The first step is establishing governance for reference data is assessing the existing reference data landscape: understanding what reference data sets are used, who is using them, and how they are being employed to support business processes. That suggests a three-pronged approach to identifying organizational business process and application dependencies on reference data domains.
Two of these prongs are empirical, involving analyses to find reference data domains (embodied via code value sets or enumerated inline inside programs) and then figuring out what they represent. The third prong involves engaging the business users to solicit their input.
- Empirical data evidence: This might include profiling the data sets to find data elements that are populated with value sets that exhibit the characteristics of reference data, such as frequently-used value sets with limited ranges or collections of values. After identifying these candidate values sets, review the data element metadata to assess whether the naming and any associated documentation or definitions indicate use of reference data.

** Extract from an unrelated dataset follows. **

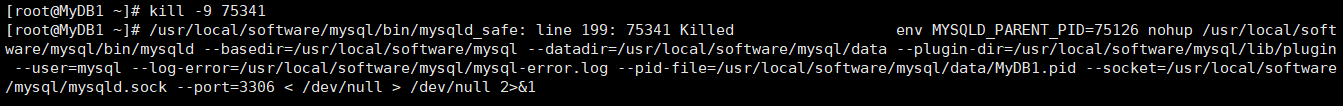 [root@MyDB1 ~]# kill -9 75341 #直接殺死進(jìn)程

- Empirical code evidence: Reviewing application code for branching statements (such as “case statements” or “switch statements”) that enumerate code lists that represent reference data domains.
- Engaging users and soliciting their feedback: This is probably the most useful, as it will expose the intended and expected uses of the reference domains and provides the data management professional with the opportunity to tease out specific definitions of the reference concepts.

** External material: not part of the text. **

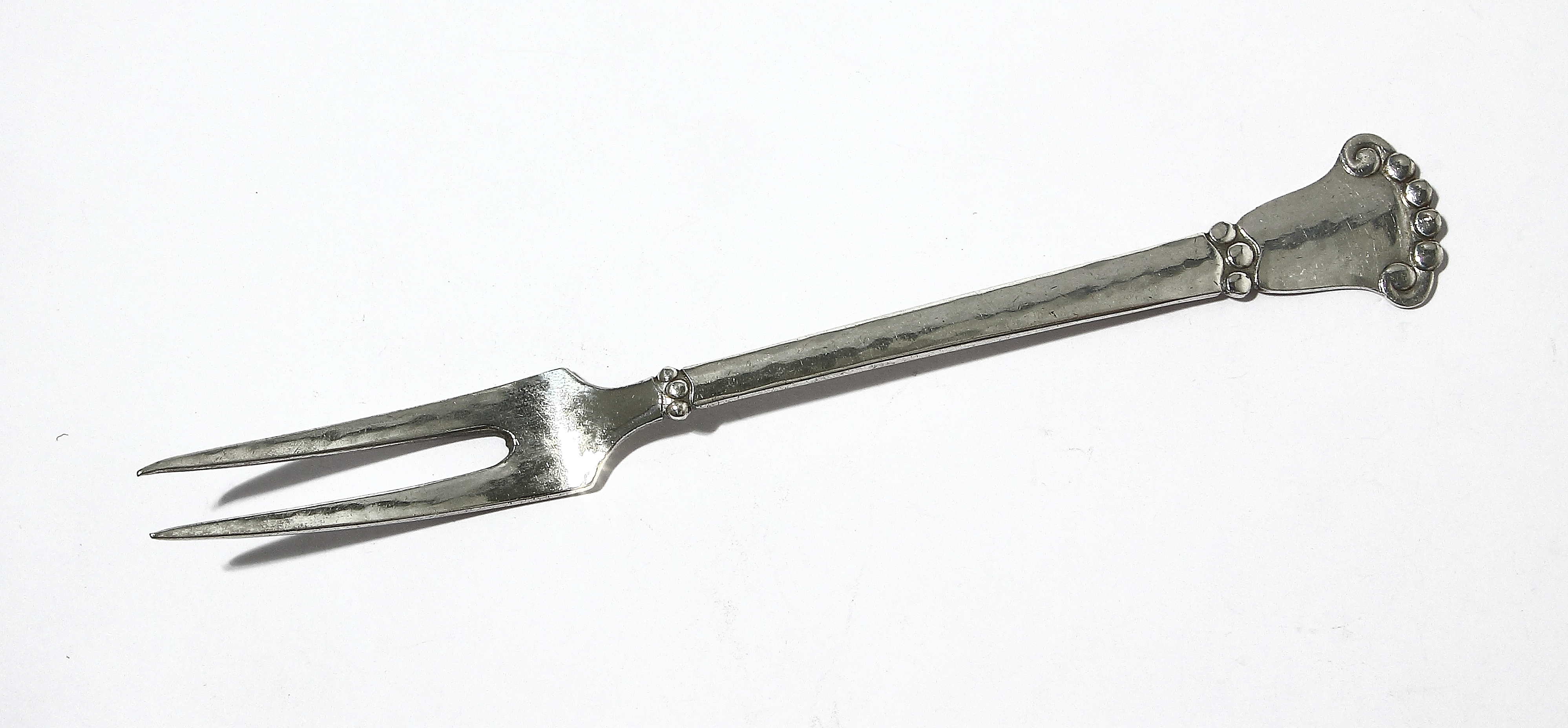 Серебряная сервировочная вилка, выполненная в стиле арт нуво.

Here is a basic outline of the initial process for soliciting and documenting metadata about reference data as the prelude to implementing governance:
- Survey business applications to identify points in which reference data domains are used.

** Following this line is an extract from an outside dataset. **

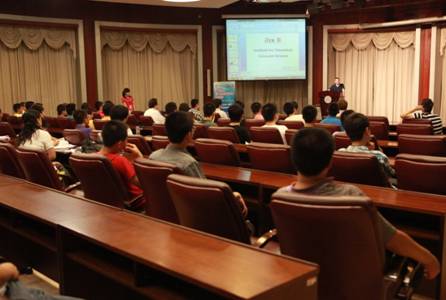 In the evening, the “Yao Class Enrollment Talk 2010” hosted by Pilot CS Class Affairs Assistant Ms. Yan Zhang, took place at the Multifunctional Hall of FIT Building. Assoc. Prof. Xiaoming Sun, Assis. Profs. Christophe Tartary, John Steinberger, Periklis Papakonstantinou and postdoc Kevin Matulef introduced Yao Class and its curriculum while encouraging talented freshmen to join Yao Class. They also took questions from applicants about courses and career opportunities. The international cultivation model of Yao Class impressed everyone present at the Talk. After the Enrollment Talk, more application forms were submitted.

- Provide a draft characterization of the reference domains that are used, including a proposed name, definition, conceptual domain, and list of values.
- Create an inventory of reference data concepts used as a repository for the proposed reference data metadata.
- Instantiate a framework for capturing that reference metadata.
- For each reference data set
- Provide a conceptual domain definition.
- List the value meanings for members of the conceptual domain
- Document the values used in the value domain.
- Provide a mapping of permissible values (value to value meaning).
- Validate with the business users.
- Commit an agreed-to version of the reference data metadata.
The objective of this process is to build the catalog as a foundation for further analysis. In upcoming posts we will look at the subsequent stages of this process.